Allegations of Abuse

  1. The allegations of sexual abuse of the child were first raised by the father and arose out of alleged disclosures by the child during the time she was living with the paternal grandmother.  The mother deposes that in December 2014 she was advised by the paternal grandmother that the child had told her that someone had put a finger in her bottom. The mother said that she immediately informed the Department. According to the Magellan Report completed on or around 29 September 2015 (“the Magellan Report”) the Department had received a notification in relation to the child in November 2014. It was reported as follows:

    [The father] advised that [the child] informed the paternal grandmother [Ms G] that something had poked her in the bum. He was angry and stated that he had no intention of having the child returned to [the mother]’s care as she was not able to provide appropriate care and that she had failed to protect the child from harm...

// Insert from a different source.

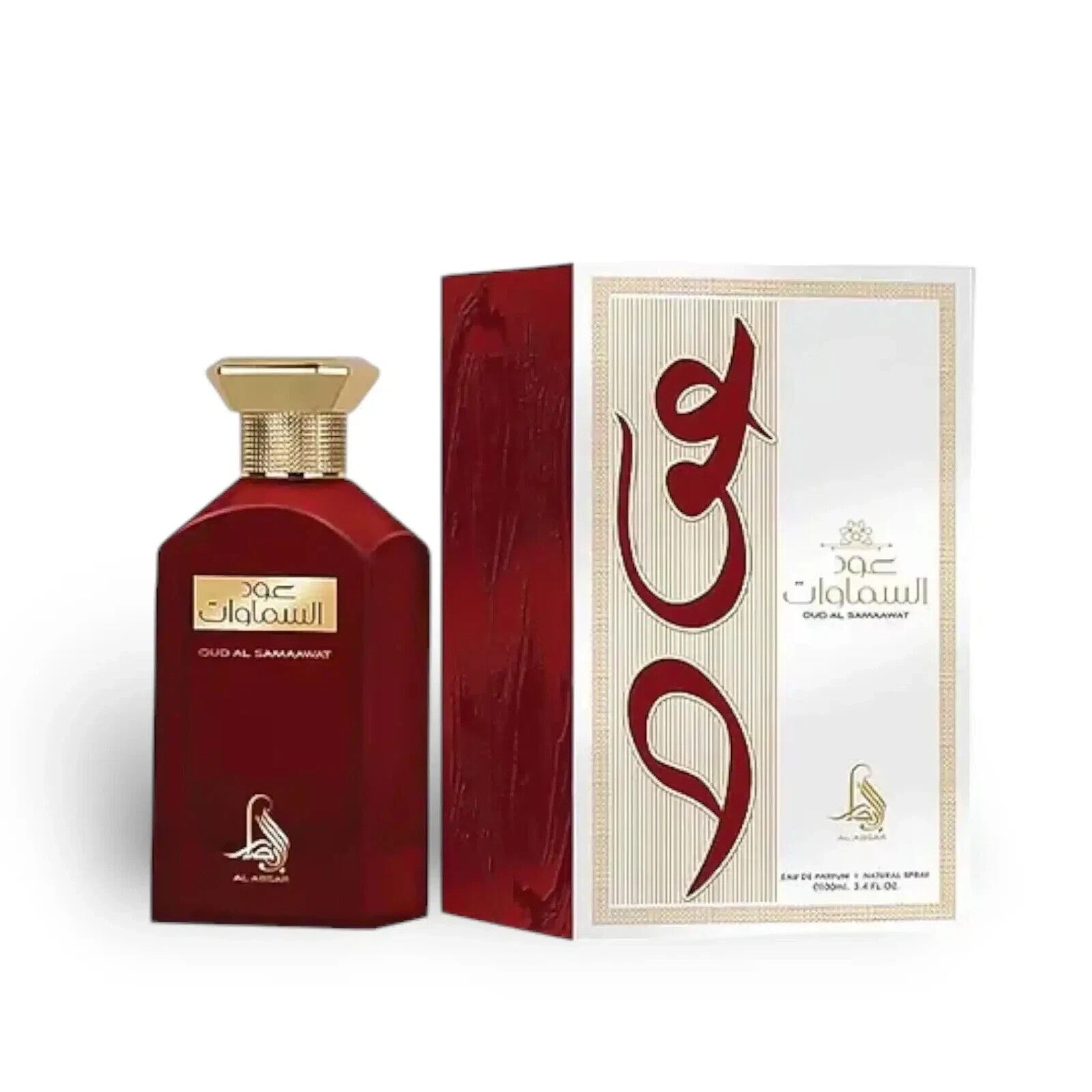 Experience the luxurious allure of Oud Al Samaawat Eau de Parfum 100ml by Al Absar, a unisex fragrance that masterfully combines the richness of oud with the sensuality of fruity and floral notes. Inspired by the elegance of Lost Cherry and the depth of Oud for Greatness, this sophisticated scent is a harmonious blend of sweet, spicy, and woody layers.

  2. The paternal grandmother when spoken to by the writer informed the writer that she had seen no changes in the child since she had made the comment (no soiling and no wetting). The paternal grandmother stated that she felt it was “just a comment” that was made by the child as she was upset due to being separated from her mother and just wanted to get back to her. Further, the child presented as a happy girl who was attending day care three days per week. The paternal grandmother acknowledged that the child was missing her mother and brother and reunification with her mother was in the child’s best interests.

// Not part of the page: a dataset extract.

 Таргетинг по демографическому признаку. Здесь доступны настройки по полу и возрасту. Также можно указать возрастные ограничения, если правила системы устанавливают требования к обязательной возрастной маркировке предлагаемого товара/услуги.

  3. It was also recorded in the Magellan Report that contact had been made with Senior Sergeant H I Town, Sexual Offences and Child Abuse Investigation Team (“SOCIT”) who had advised the Department that given the limited information no further action would be taken. The report was closed on 6 March 2015 leaving the mother to pursue the child’s return through the family law proceedings.

  4. A further report was made to the Department on 1 June 2015 concerning further disclosures by the child that she had been touched inappropriately by a friend of the mother’s partner Mr J and concerns raised by the paternal grandmother that the child, whilst in her care, had wet the bed, soiled her pants and become afraid of the dark. By this time the child had been returned to the mother’s care but was spending time with the father at the paternal grandmother’s home on alternate weekends. The maternal grandmother reported that the child had stated that Mr J’s friend’s name was “Mr K”. 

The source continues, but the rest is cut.